BIM35005 - Capital/revenue divide: introduction: what is capital expenditure: historical overview

What is and what is not capital expenditure has taxed the minds of judges, tax advisors, Revenue officials, business people and others for more than two centuries. No one has produced a single simple test that will determine the issue in all circumstances. A variety of judicial pronouncements has resulted in recipes that are applicable to particular circumstances but which lead to inconclusive or even incorrect results in others. As the body of case law has expanded the margins of uncertainty have retreated. But those margins remain to this day. Resolving a case on the borderline is far from easy. The various judicial recipes may point to conflicting conclusions. You will have to come to a balanced judgement. To do so you will need to establish the relevant facts that applied at the time the expenditure was incurred.

The day-to-day running costs of a business (staff wages, purchase of trading stock, rent of business premises, and so on) are referred to as revenue expenditure.

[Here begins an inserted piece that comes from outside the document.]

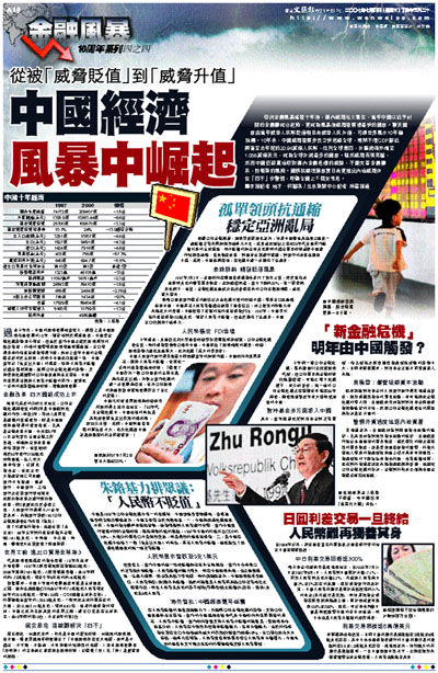 亞洲金融風暴爆發十年後,區內經濟浴火重生,當年中國以近乎封閉的金融體成功避險,更成為風暴後經濟發展得最快的國家。歐美國家由當年威脅人民幣貶值到目前威脅人民升值,可謂世界風水10年輪流轉。10年來,中國經濟發展步伐之快冠絕全球,期間不僅GDP翻近兩番至去年底的20.94萬億人民幣,位列全球第四,外匯儲備亦增至1.066萬億美元,成為全球外儲最多的國家。雖然經濟表現亮麗,然而中國仍認真地吸取區內金融危機的經驗,不斷完善金融體系,防範新的風險。國務院總理溫家寶日前更指出內地經濟存在「四不」作警惕,呼籲全國上下居安思危。

Revenue expenditure is sometimes described as circulating capital. This description reflects the fact that the capital in question leaves the owner’s possession (changes masters) to produce profit or loss. The capital may be considered as being ‘turned over’. In the process of turning over, profit or loss ensues.

Capital expenditure (goodwill, the purchase of business premises, plant and machinery used in the business process and so on) in practice is the opposite of revenue expenditure.

The profit making structure within which the business is conducted is sometimes called the fixed capital of the business. A trader does not part with the fixed capital (there is no changing of masters); it is retained and not turned over in the same way as circulating capital. The fixed capital provides the opportunity for the business to make profits or losses.

It is important that you recognise at the outset that there is no requirement of symmetry. A sum that represents capital expenditure in the hands of the payer is not thereby a capital receipt in the hands of the recipient. It depends on the nature of the trade.

The capital/revenue distinction also applies in the context of whether a receipt is a taxable receipt of the trade, and the same principles apply.